2. BASIS OF FINANCIAL STATEMENT PRESENTATION
The consolidated financial statements include those of Wilsons and all of
its subsidiaries. All material intercompany balances and transactions between
the entities have been eliminated in consolidation.
The accompanying unaudited financial statements have been prepared by the
Company pursuant to the rules and regulations of the Securities and Exchange
Commission. Certain information and footnote disclosure, normally included in
financial statements prepared in accordance with generally accepted accounting
principles, have been condensed or omitted pursuant to such rules and
regulations.
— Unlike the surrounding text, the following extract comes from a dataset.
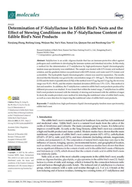 科技創(chuàng)新是產(chǎn)業(yè)發(fā)展的重要源泉和動(dòng)力。多年來,燕之屋堅(jiān)持傳承中國滋補(bǔ)文化的同時(shí),結(jié)合現(xiàn)代科研技術(shù)深入研究,充分挖掘燕窩的營養(yǎng)價(jià)值及功效?,F(xiàn)代研究發(fā)現(xiàn),“燕窩富含蛋白質(zhì)、氨基酸、唾液酸和無機(jī)元素等,具有抗氧化、改善免疫、抑制血凝、調(diào)節(jié)腸道菌群等功效(來自:白偉娟等.《燕窩成分及功效研究進(jìn)展》,2020)。”在燕之屋燕窩研究院科研團(tuán)隊(duì)新近發(fā)布的研究成果中,基于開創(chuàng)性地建立的燕窩中3'-唾液酸乳糖的LC-MS/MS測定方法,及兩年的跟蹤研究發(fā)現(xiàn)3'-唾液酸乳糖作為一種更容易吸收的唾液酸形態(tài),適當(dāng)?shù)臒踔笥兄谘喔C中的唾液酸向更易吸收的3'-唾液酸乳糖的形態(tài)轉(zhuǎn)化。研究表明,“碗燕產(chǎn)品中3'-唾液酸乳糖含量顯著高于家庭燉煮燕窩(100℃ 30min)(來自:國際權(quán)威期刊《Molecules》,Determination of 3'-Sialyllactose in Edible Bird's Nests and the Effect of Stewing Conditions on the 3'-Sialyllactose Content of Edible Bird's Nest Products)。”如燕之屋旗下高端燕窩品牌碗燕飛天款的3'-唾液酸乳糖含量相對于于燉煮燕窩高達(dá)20余倍,表明燕之屋專利燉煮工藝(專利號(hào):ZL201410393800.4 ;專利名稱:一種速食燕窩軟罐頭的制作方法)能夠激發(fā)燕窩的營養(yǎng)活性,提升燕窩產(chǎn)品的營養(yǎng)價(jià)值(來自:燕之屋燕窩研究院,碗燕產(chǎn)品五維營養(yǎng)分析報(bào)告)。”此外,燕之屋燕窩研究院科研團(tuán)隊(duì)一直以來燕之屋始終堅(jiān)持走“研發(fā)立企、創(chuàng)新興企”之路,基于研究成果不斷對產(chǎn)品進(jìn)行升級和創(chuàng)新,致力于為消費(fèi)者打造更為科學(xué)、營養(yǎng)、健康的產(chǎn)品。截止至2023年8月1日,燕之屋發(fā)表論文共計(jì)44篇,其中SCI 11篇。

Although management believes that the accompanying disclosures are
adequate to make the information presented not misleading, it is recommended
that these interim financial statements be read in conjunction with the
Company's most recent audited financial statements and related notes included in
its 1998 Annual Report on Form 10-K. In the opinion of management, all
adjustments (which include normal recurring adjustments) necessary for a fair
presentation of the financial position, results of operations and cash flows for
the interim periods presented have been made. The Company's business is highly
seasonal, and accordingly, interim operating results are not necessarily
indicative of the results that may be expected for the fiscal year ending
January 29, 2000.
3. INVENTORIES
Inventories, principally finished goods, consist of merchandise purchased
from domestic and foreign vendors and are carried at the lower of cost or market
value, determined by the retail inventory method on the last-in, first-out
(LIFO) basis. Quarterly inventory determinations under LIFO are partially based
on assumptions as to inventory levels at the end of the fiscal year, sales and
the projected rate of inflation for the year. If the first in, first out (FIFO)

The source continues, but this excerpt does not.